Armed robbery. Fulton Superior Court. Before Judge Langford.
Larry Eugene Reynolds was tried and convicted on three counts of armed robbery and two counts of carrying a pistol illegally. Prior to trial a motion to suppress certain evidence was overruled and upon the trial of the issues made by the indictments the defendant was convicted. A motion for new trial was overruled and the present appeal filed. Held:
1. The trial court did not err in overruling the defendant's motion to suppress evidence obtained against the defendant, including lineup identification and evidence obtained as the result of a search with a warrant.
After armed robberies in December, 1972, and January, 1973, took place in Fulton County, Georgia, a DeKalb County investigator obtained information from an informant that the defendant and another had possession of jewelry, etc. obtained in the robbery of an elderly woman in Fulton County, Georgia. Subsequent investigation, including a photographic identification of the defendant by this victim, supported the information obtained from the informant and based upon such facts the search warrant was obtained and the evidence sought to be suppressed obtained. The search under the warrant was not illegal and the motion to suppress upon this ground was properly overruled. Compare Campbell v. State, 226 Ga. 883 (178 SE2d 257); Summerville v. State, 226 Ga. 854 (178 SE2d 162); Pass v. State,227 Ga. 730 (182 SE2d 779).

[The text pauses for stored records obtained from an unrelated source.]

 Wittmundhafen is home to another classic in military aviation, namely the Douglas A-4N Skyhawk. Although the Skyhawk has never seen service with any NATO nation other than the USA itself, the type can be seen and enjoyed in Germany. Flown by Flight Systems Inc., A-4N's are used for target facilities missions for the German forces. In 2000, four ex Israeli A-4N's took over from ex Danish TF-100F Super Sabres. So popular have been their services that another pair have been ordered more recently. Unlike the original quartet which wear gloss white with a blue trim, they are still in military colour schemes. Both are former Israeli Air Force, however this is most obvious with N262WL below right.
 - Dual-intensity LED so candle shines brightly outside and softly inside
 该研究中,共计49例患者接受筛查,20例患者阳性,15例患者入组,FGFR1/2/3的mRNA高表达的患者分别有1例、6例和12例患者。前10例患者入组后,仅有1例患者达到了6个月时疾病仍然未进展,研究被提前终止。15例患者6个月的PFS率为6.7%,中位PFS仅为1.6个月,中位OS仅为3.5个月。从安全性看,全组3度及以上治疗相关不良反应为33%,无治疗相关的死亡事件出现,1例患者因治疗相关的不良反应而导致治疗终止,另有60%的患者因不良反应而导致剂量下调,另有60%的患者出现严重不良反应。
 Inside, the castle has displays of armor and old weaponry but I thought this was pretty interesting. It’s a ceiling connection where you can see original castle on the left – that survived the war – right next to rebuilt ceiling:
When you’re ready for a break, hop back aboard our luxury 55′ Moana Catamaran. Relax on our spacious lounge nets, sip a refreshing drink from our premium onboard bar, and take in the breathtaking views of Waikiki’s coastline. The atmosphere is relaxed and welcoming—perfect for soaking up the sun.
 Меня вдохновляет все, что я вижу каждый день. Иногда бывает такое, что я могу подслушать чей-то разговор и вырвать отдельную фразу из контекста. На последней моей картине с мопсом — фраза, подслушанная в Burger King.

Under decisions exemplified by Griffin v. State, 229 Ga. 165 (190 SE2d 61) and Creamer v. State, 229 Ga. 704 (194 SE2d 73), and cases there cited, the in-court identification was not so tainted by prior out-of-court identification as to require the exclusion of such evidence. Assuming but not deciding that the evidence relied upon by the defendant to support this contention would authorize a jury to discredit the in-court identification, it would not require its exclusion from the jury's consideration.
2. During the course of voir dire examination of prospective jurors the defendant was precluded, upon objection from the state, from asking designated questions which sought to elicit the prospective jurors' understanding of the law. As was held in Whitlock v. State, 230 Ga. 700 (5) (198 SE2d 865), "The single purpose for voir dire is the ascertainment of the impartiality of jurors, their ability to treat the cause on the merits with objectivity and freedom from bias and prior inclination. The control of the pursuit of such determination is within the sound legal discretion of the trial court, and only in the event of manifest abuse will it be upset upon review." See also Hill v. State, 221 Ga. 65 (8) (142 SE2d 909). The trial court did not err in limiting the voir dire examination to relevant questions.

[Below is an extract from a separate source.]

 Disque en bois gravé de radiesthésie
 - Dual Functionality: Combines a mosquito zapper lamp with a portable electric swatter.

3. Under the indictments here which charged the defendant with armed robbery a conviction of receiving stolen goods would not be authorized and it was not error to refuse to instruct the jury as to such lesser crimes as requested by the defendant. Compare Plummer v. State, 126 Ga. App. 482 (191 SE2d 333); and Wells v. State, 127 Ga. App. 109 (192 SE2d 567).
Nor was it error to refuse to charge in the exact language requested on circumstantial evidence where a correct charge on such subject was given the jury.
4. It was not error to give in the charge the instructions approved in Aiken v. State, 226 Ga. 840 (2) (178 SE2d 202).
5. A comment by the assistant district attorney, while arguing the case to the jury that the defendant made an unsworn statement is not a comment on his failure to be sworn as prohibited by the Act of 1962 (Ga. L. 1962, pp. 133, 134; Code Ann. 38-415); Massey v. State, 226 Ga. 703 (177 SE2d 79).
6. The convictions upon the armed robbery counts were authorized by the evidence, and under decisions exemplified by Ezzard v. State, 229 Ga. 465 (3) (192 SE2d 374); Johnson v. State, 230 Ga. 196 (196 SE2d 385); and Jackson v. State, 230 Ga. 640 (198 SE2d 666), the verdicts of guilty upon the misdemeanor counts, in addition to the guilty verdicts as to the armed robbery counts, were not illegal.
Lewis R. Slaton, District Attorney, James H. Mobley, Jr., Morris H. Rosenberg, Carter Goode, Arthur K. Bolton, Attorney General, Courtney Wilder Stanton, David L. G. King, Jr., Assistant Attorneys General, for appellee.
Louise T. Hornsby, for appellant.
SUBMITTED NOVEMBER 15, 1973 -- DECIDED JANUARY 9, 1974.